The filters require virtually no maintenance, only an occasional cleaning, as there are no moving or electronic parts. Simple designs such as these ensure durability in the harsh environment of southern Sudan. The filters come in three varieties, each constructed from different materials, but designed with the same basic structure of an upper chamber filled with sand and gravel, and a faucet or spout. The cheapest filters are made from zinc, and cost approximately 28 Sudanese pounds (11 U.S. dollars) to produce. Filters can also be built from plastic barrels or cast from concrete, but each of these is more expensive, 80 and 42 pounds (32 and 17 U.S. dollars), respectively.

“When the gravel and the sand become dirty I clean it out and wash it,” says Mohammed Ahmed, a resident of Magara, just off the single strip of dusty tarmac stretching more than 500 kilometers from Renk to Khartoum. Ahmed and his wife have four children- before receiving the filter six months ago, water-borne diseases were a constant issue for the family.

“We used to get sick with diarrhea and worms,” he says. “Now that we have the filter there are no diseases to worry about.”

Underground water is located far too deep in the area around Renk to drill boreholes for hand pumps, meaning that people have traditionally relied on water gathered from the river or other standing sources, leading to high levels of disease. Since 2007, Mercy Corps and its consortium
partners– the Fellowship for African Relief (FAR), Strømme Foundation, and Tearfund– have provided more than 2,200 filters to households throughout Upper Nile State. If each filter theoretically serves a family with multiple children, more than 10,000 people are likely to benefit from pure drinking water.

“People are much healthier now,” Okello says. “For years they’ve been unable to access safe drinking water, and just getting it from the Nile. Since the introduction of the bio-sand filters we’ve seen reduced rates of diarrhea and other diseases.”

The filters work extremely well, but the organization regularly tests the water to ensure their continued effectiveness. On a recent Friday morning Peter Agok, a Sanitation Supervisor for Mercy Corps, and Charles Primo, a Water and Sanitation Officer for the organization, visit several water sources and families around the town of Renk. Their plan is to sample water from the filters, and see how it differs from original sources such as wells and the Nile.

Agok and Primo’s first stop is at the village of Kolang, where they want to see the hafir (reservoir), located about 20 kilometers from Renk, along a bumpy dirt track. The hafir is
a large pit, dug in 2008 by Mercy Corps.
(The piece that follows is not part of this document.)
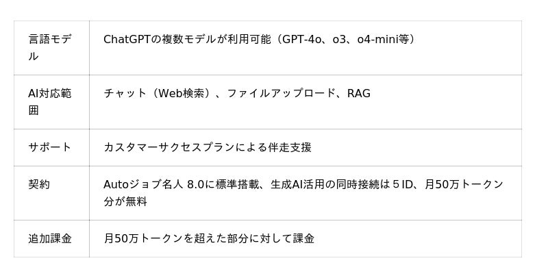 RPAでの定型業務自動化に加え、生成AIで業務の生産性向上を推進していただくことを考え、新バージョンのAutoジョブ名人Ver 8.0では、トークン課金部分だけで生成AIが利用可能です。
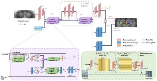 We introduce a novel architecture to effectively train and infer using the mask transformer. Unlike traditional architectures [,] where the transformer is placed on top of a convolutional neural network (CNN) [], we adopt a dual-path framework that effectively merges CNNs with transformers [,,,]. This allows CNN layers to read and write into global memory by incorporating memory-to-pixel attention (M2P), memory path self-attention (M2M), pixel–path axial self-attention (P2P), and pixel-to-memory attention (P2M). As a result, the transformer can be inserted at any position in the CNN to enable communication with the global memory at any layer. The proposed architecture also employs a stacked hourglass-style decoder [,] to aggregate multi-scale features and produce a high-resolution output, which is then multiplied with the global memory feature to predict the mask. The proposed framework significantly improves segmentation performance and demonstrates the potential to be employed for teeth numbering. Rigorously evaluated on the publicly available UFBA-UESC dental image dataset, our experimental results demonstrate that the proposed model significantly outperforms existing state-of-the-art techniques in terms of segmentation performance and robustness.

It is roughly 20 meters by 40, and three meters deep, according to Primo, and built on a downward slope. As rain falls, it collects into a carved channel, gradually flowing down into the hafir. Primo walks to the edge of the water and dips in a plastic bottle, filling it just over halfway with brownish rainwater.

“The hafirs are a problem,” Agok says. “The water has a color and a bad smell- this is why we suggest they use filters.”
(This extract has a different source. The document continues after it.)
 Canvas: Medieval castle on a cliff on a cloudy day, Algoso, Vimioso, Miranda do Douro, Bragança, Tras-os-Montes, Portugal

Following this, Primo and Agok collect three other samples, one from a well where a nomadic family is gathering water one jerry can at a time, and two from filters in Magara. Returning to Renk with the samples collected, they continue to a surprisingly well-organized laboratory at the water- treatment facility at the edge of town, near the riverbank.

Over the next 45 minutes Agok and Primo carry out a variety of tests on the water samples from the hafir, the well, Mariam Adam’s, and Mohammed Ahmed’s house. Primo carefully spreads growth solution onto a Petri dish, placing a few drops of water inside. Agok, on the other side of the room, pours a sample of hafir water into a clear plastic tube, squinting at the top to measure the turbidity. A moment later he takes a small sample of water and pours it into a color-coded meter to measure the pH- walking to the door, he holds the device in the sunlight, looking carefully at the small numbers on the side measuring the water’s natural acidity. Finished with their tests, they note the results in Arabic on a worksheet, close the lab, and lock the door, knowing their work is a small, but meaningful, step in improving the lives of vulnerable people in their community."